■ RECORD EXCERPTS:
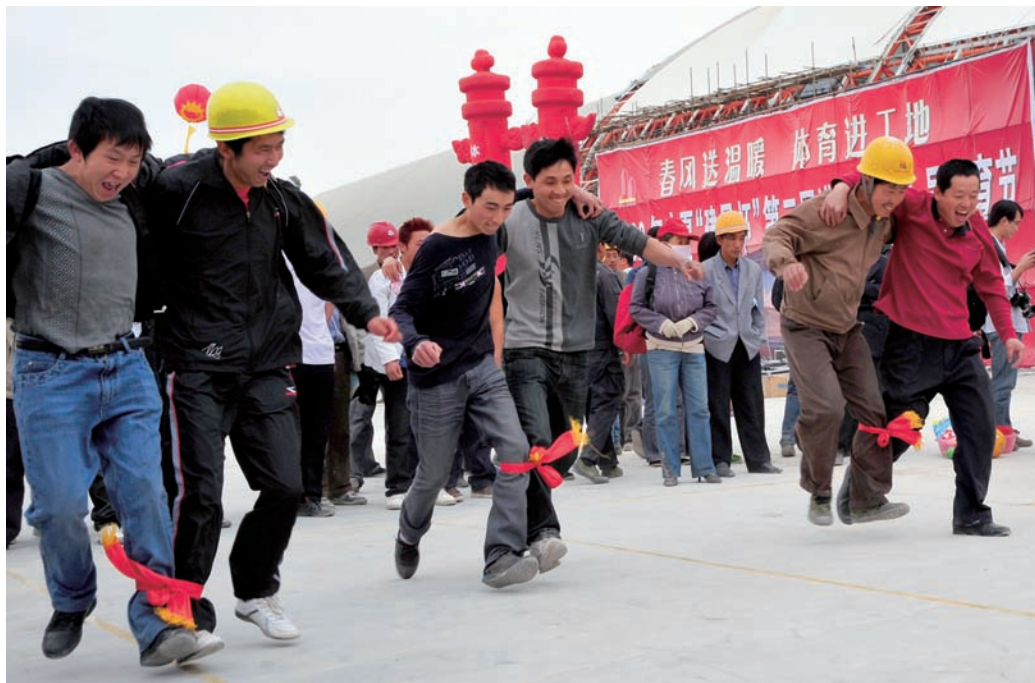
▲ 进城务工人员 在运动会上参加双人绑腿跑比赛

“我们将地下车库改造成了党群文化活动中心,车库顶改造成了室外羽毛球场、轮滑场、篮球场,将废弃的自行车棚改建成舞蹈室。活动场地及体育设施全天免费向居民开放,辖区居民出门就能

---

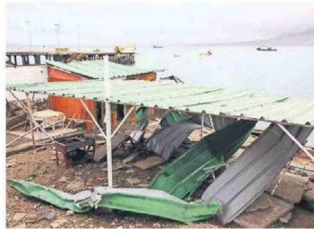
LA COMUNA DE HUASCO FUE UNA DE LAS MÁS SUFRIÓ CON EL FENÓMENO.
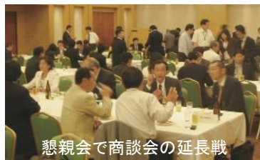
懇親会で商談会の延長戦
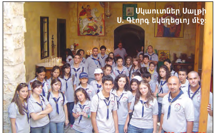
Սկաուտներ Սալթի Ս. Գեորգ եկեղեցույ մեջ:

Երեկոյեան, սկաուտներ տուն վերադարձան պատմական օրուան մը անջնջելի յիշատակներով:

* * *

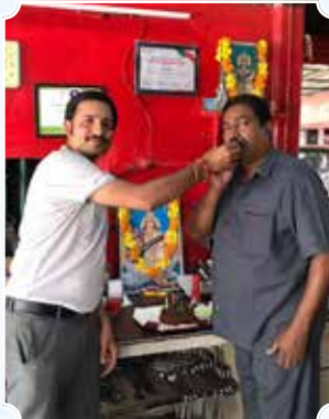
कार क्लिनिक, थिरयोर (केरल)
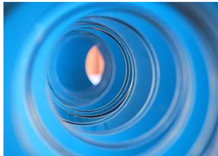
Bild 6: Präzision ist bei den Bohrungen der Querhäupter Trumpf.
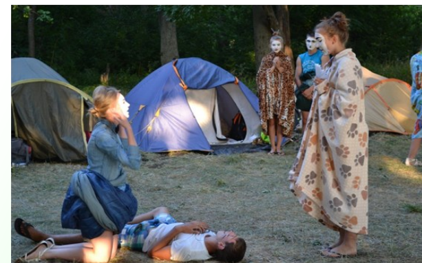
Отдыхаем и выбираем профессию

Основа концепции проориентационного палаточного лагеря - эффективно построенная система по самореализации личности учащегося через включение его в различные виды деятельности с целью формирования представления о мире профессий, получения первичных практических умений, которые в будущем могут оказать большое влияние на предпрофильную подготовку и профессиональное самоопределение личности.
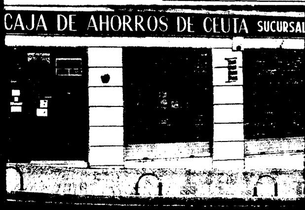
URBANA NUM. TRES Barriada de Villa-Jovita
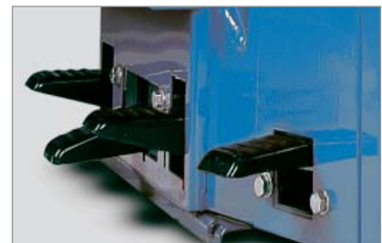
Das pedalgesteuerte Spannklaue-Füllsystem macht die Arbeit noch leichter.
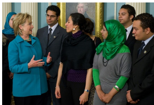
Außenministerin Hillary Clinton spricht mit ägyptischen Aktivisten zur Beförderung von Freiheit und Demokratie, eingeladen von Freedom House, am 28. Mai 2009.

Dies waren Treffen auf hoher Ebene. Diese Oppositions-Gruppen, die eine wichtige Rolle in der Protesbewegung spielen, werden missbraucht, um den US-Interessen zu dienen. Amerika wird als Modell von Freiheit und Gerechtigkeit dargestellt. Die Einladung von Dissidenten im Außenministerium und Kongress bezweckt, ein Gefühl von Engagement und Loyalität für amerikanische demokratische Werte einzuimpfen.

■ REQUIRED ACTION: For the material above, give again only the lines starting at the line that contains "URBANA NUM. TRES Barriada de Villa-Jovita" and ending at the line that contains "Außenministerin Hillary Clinton". Pictures do not belong in the copy.

■ ANSWER TO THIS PROBLEM:
URBANA NUM. TRES Barriada de Villa-Jovita
Das pedalgesteuerte Spannklaue-Füllsystem macht die Arbeit noch leichter.
Außenministerin Hillary Clinton spricht mit ägyptischen Aktivisten zur Beförderung von Freiheit und Demokratie, eingeladen von Freedom House, am 28. Mai 2009.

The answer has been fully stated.